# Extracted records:

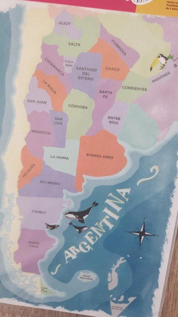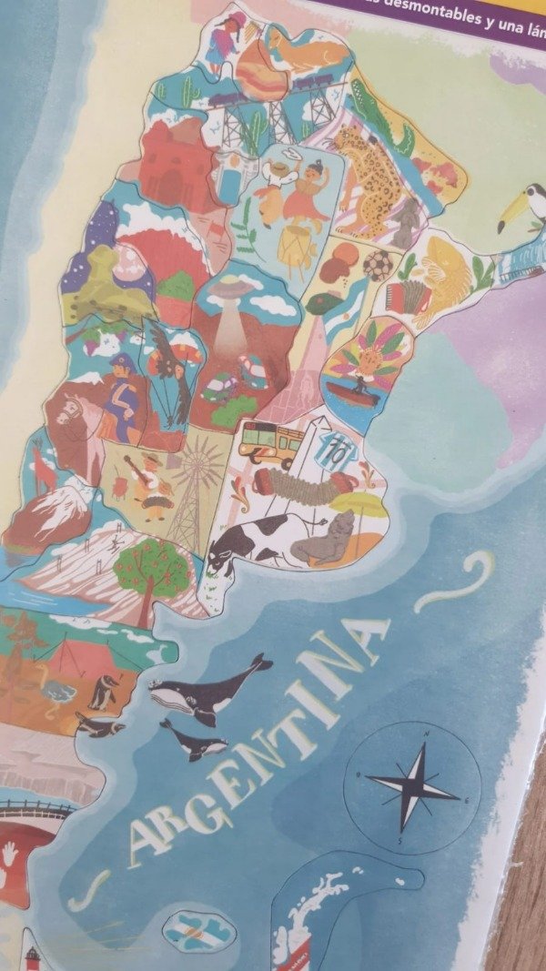 En este mapa/rompecabezas se incluyen algunos de los elementos de cada provincia. Continne 27 piezas imantadas y una lámina de referencia para armarlo.
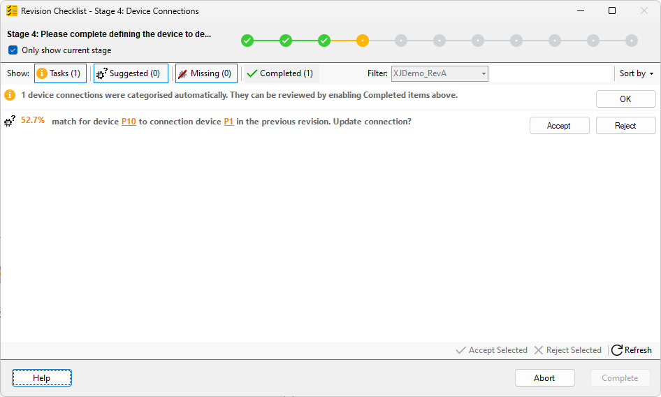 The next step involves checking connections between devices or boards and will frequently be automatically skipped if Revisions doesn’t find any changes. As before, the system will prompt you with any changes it has found but needs to check.
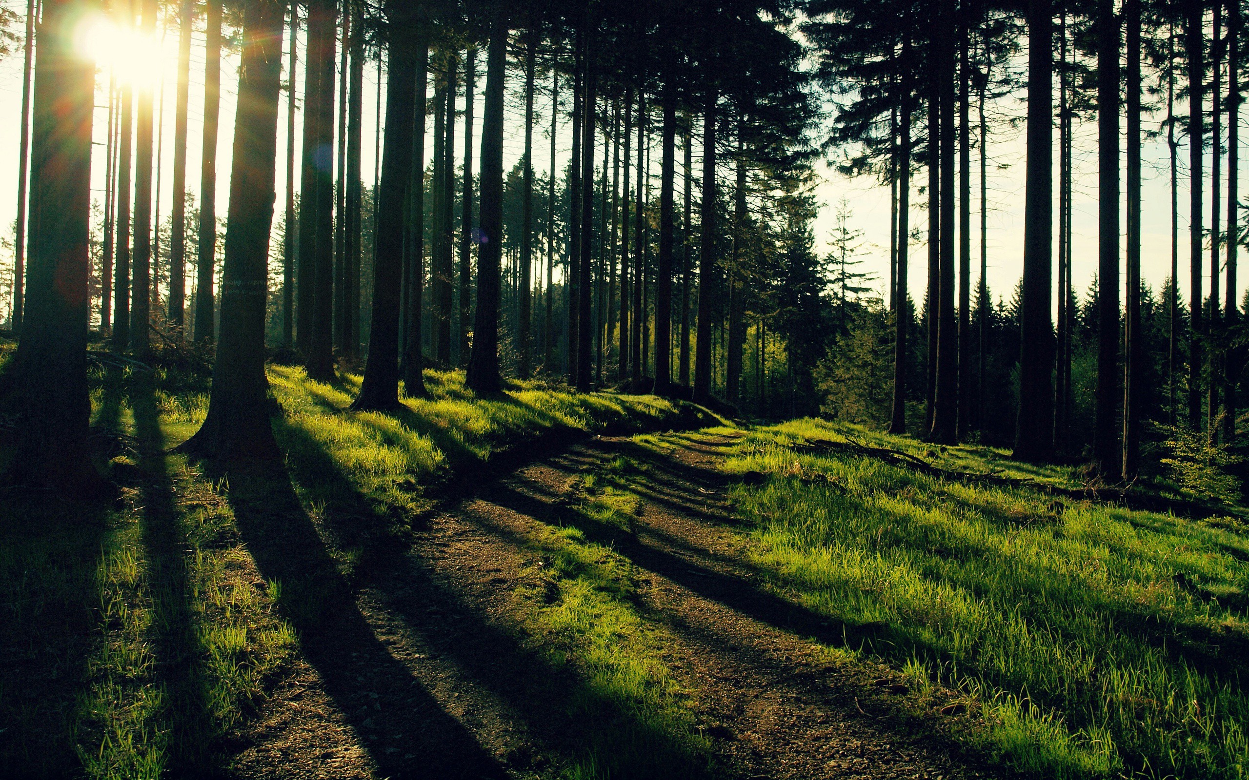 Description: A path in the middle of a forest with sun shining through the trees and grass on the ground and on the ground.
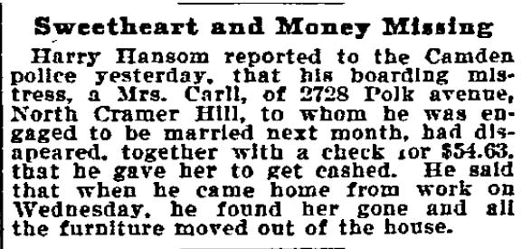1897-1899 Philadelphia inquirer This story appears mangled. Harry Hansom did board in the neighborhood in the 1890s, but there never was a house at 2728 POLK Avenue. Andrew Carroll did live at 2738 in 1898. He moved in 1899, and passed away in 1903, still married to his wife Kate.. |
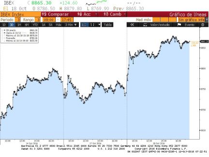 El Ibex 35 mira ya a cotas altas tras romper resistencias en la sesión de ayer. El sector bancario y los buenos datos del PIB de China han servido para apuntalar los ascensos.
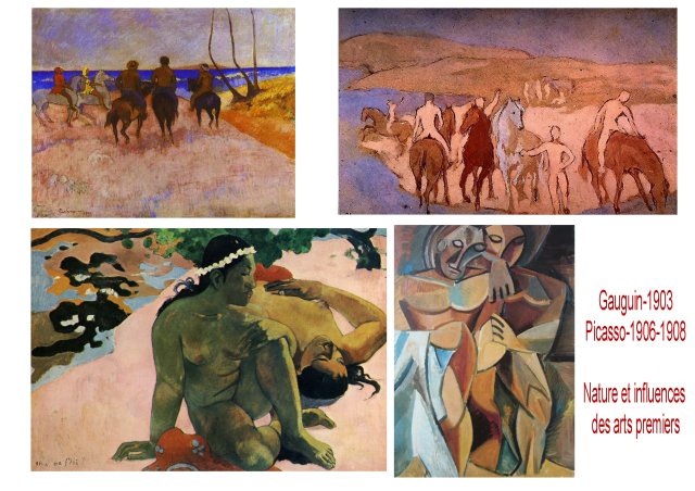 Picasso, grand manipulateur de formes, traduit en peinture, la force franche des sculptures africaines qu’il a rencontrées. Il y voit de forces premières et essentielles, liées à la nature, la terre, les corps.

# ACTIVITY:
From the data above, retype only the lines starting with the line with "1897-1899 Philadelphia inquirer" and going on through the line with "El Ibex 35 mira", exactly, leaving out the pictures.

# TASK RESPONSE:
1897-1899 Philadelphia inquirer This story appears mangled. Harry Hansom did board in the neighborhood in the 1890s, but there never was a house at 2728 POLK Avenue. Andrew Carroll did live at 2738 in 1898. He moved in 1899, and passed away in 1903, still married to his wife Kate.. |
 El Ibex 35 mira ya a cotas altas tras romper resistencias en la sesión de ayer. El sector bancario y los buenos datos del PIB de China han servido para apuntalar los ascensos.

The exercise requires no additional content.